→ Task to complete
Pictures appear among the records. Write out all else exactly as it stands.

→ Extracted material
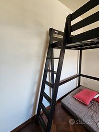 Letto Ikea Stora nero 140 x 200 con difetti mostrati nelle foto, attualmente visibile montato, condizioni di ritiro comode (parcheggio e ascensore)
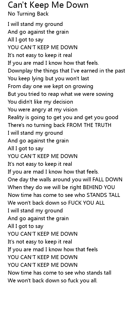 YOU CAN'T KEEP ME DOWN |
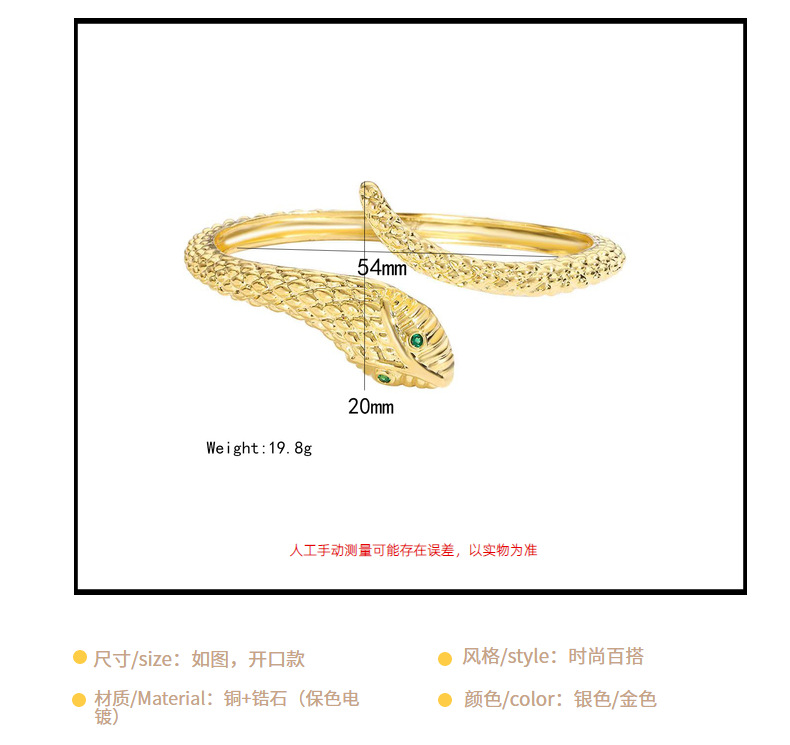 欧米の国境を越えて流行している起爆金の蛇の形の指輪の銅はジルコンのファッションを象眼します。
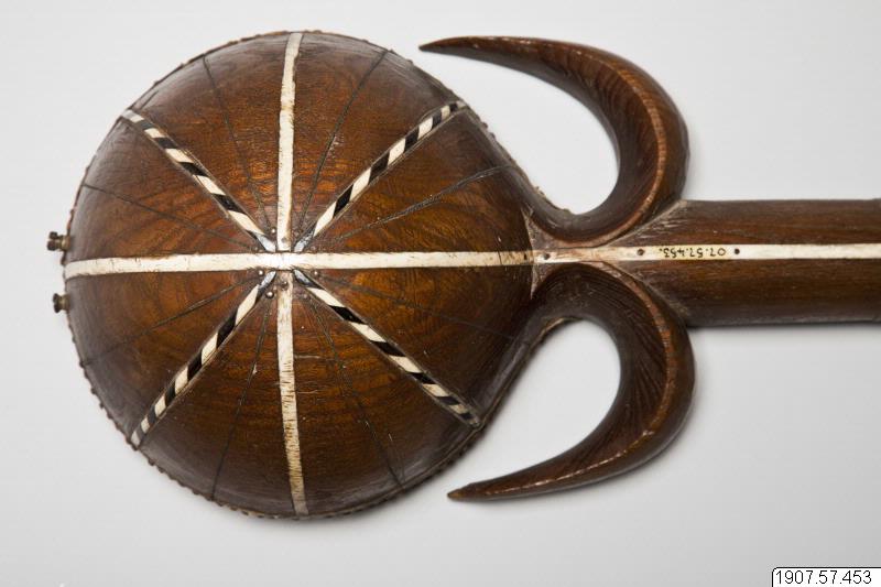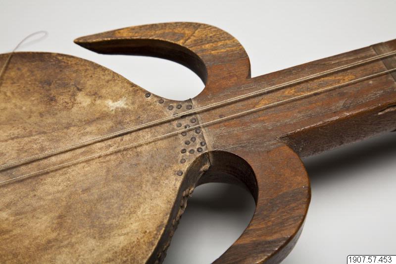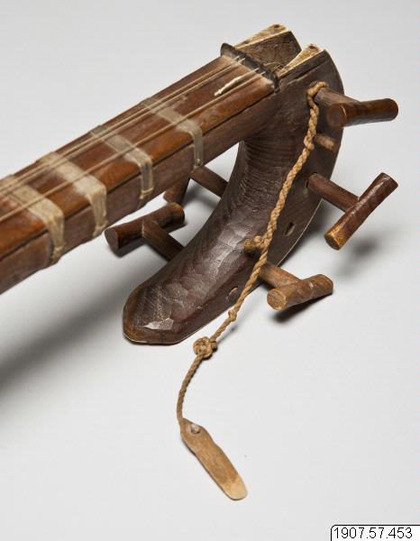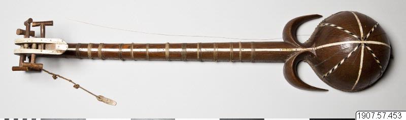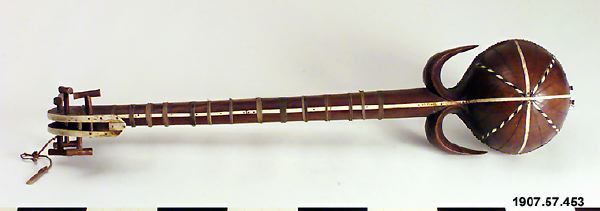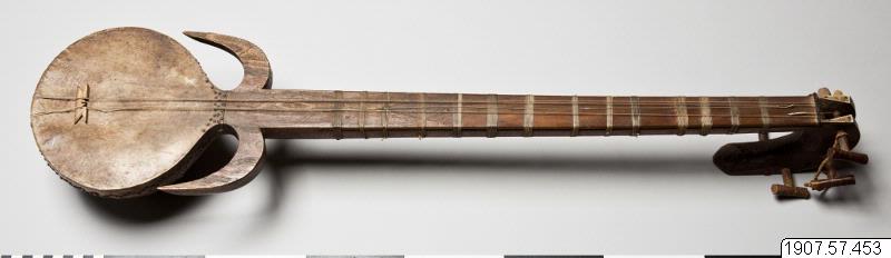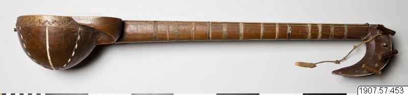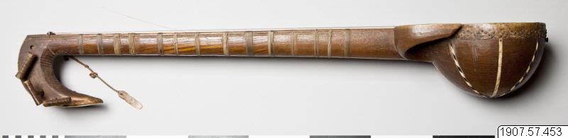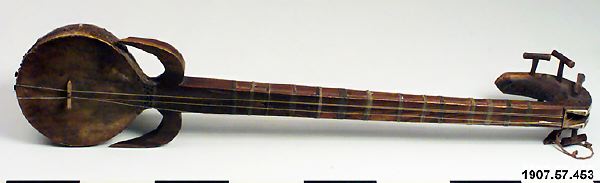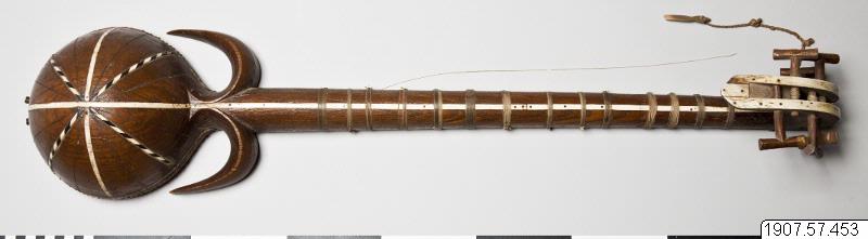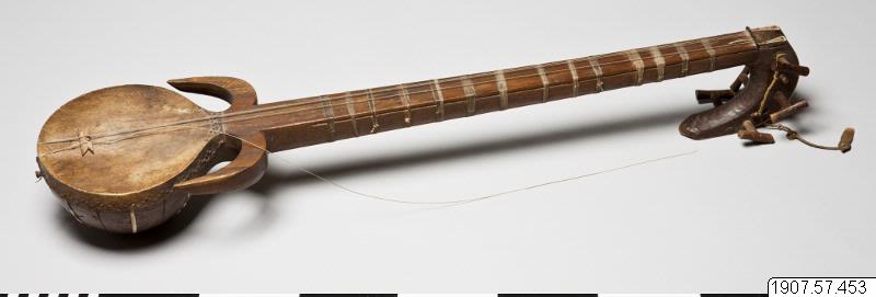 • Rewap, eller ravak, av trä (vanligen av mullbärsträ) med sex strängar. Ett skinn spänt över klanglådan. Dekorerat med ben och horn. Ett plektrum finns fästat vid halsen.
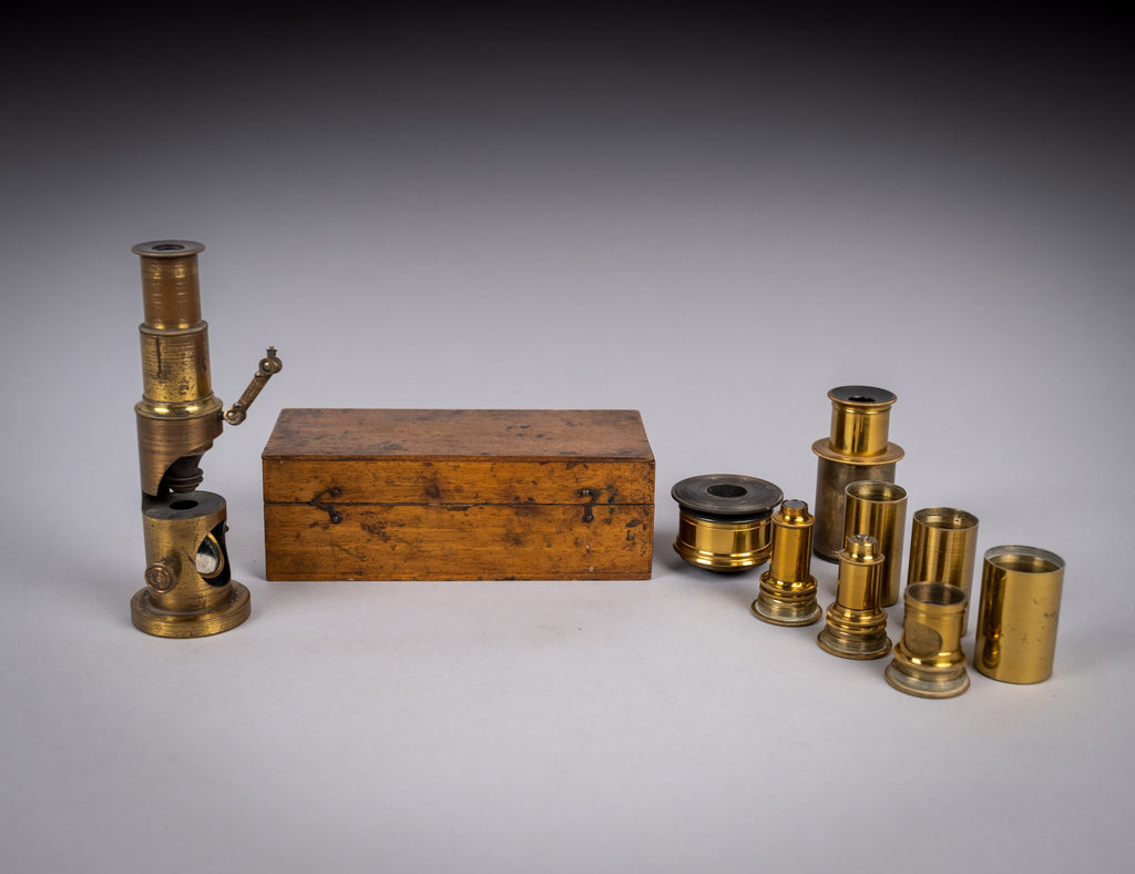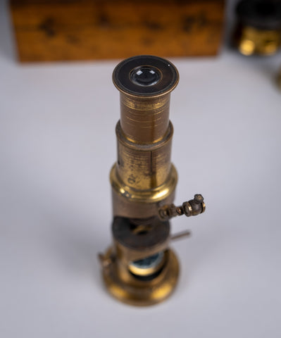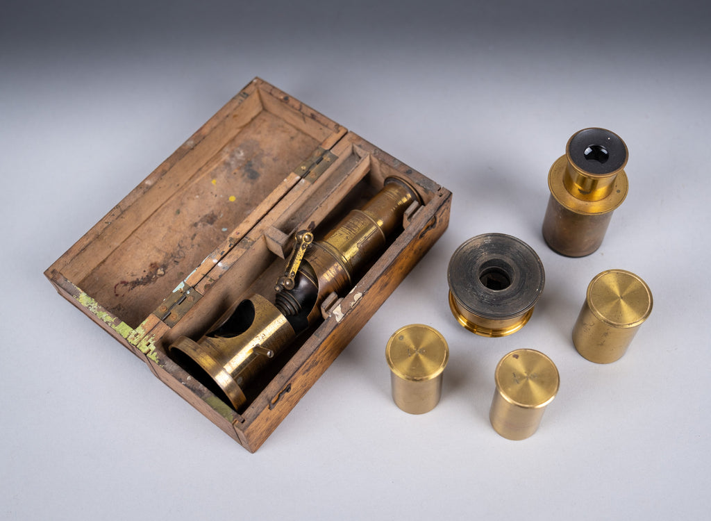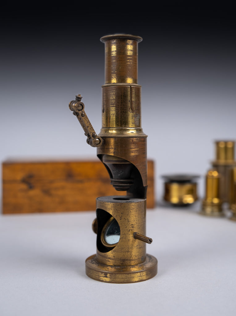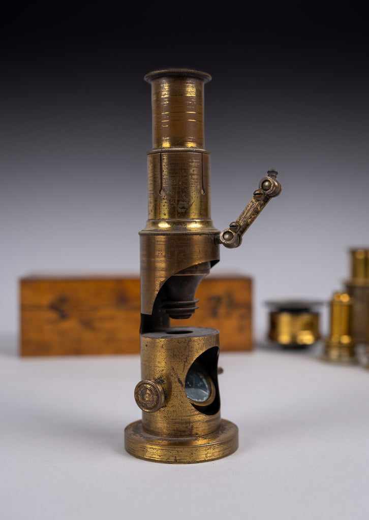 The microscope has a lovely age-worn patina, as does its carrying case. The lenses have been well cared for, highly polished and attractive pieces in their own right.

→ Task response
 Letto Ikea Stora nero 140 x 200 con difetti mostrati nelle foto, attualmente visibile montato, condizioni di ritiro comode (parcheggio e ascensore)
 YOU CAN'T KEEP ME DOWN |
 欧米の国境を越えて流行している起爆金の蛇の形の指輪の銅はジルコンのファッションを象眼します。
 • Rewap, eller ravak, av trä (vanligen av mullbärsträ) med sex strängar. Ett skinn spänt över klanglådan. Dekorerat med ben och horn. Ett plektrum finns fästat vid halsen.
 The microscope has a lovely age-worn patina, as does its carrying case. The lenses have been well cared for, highly polished and attractive pieces in their own right.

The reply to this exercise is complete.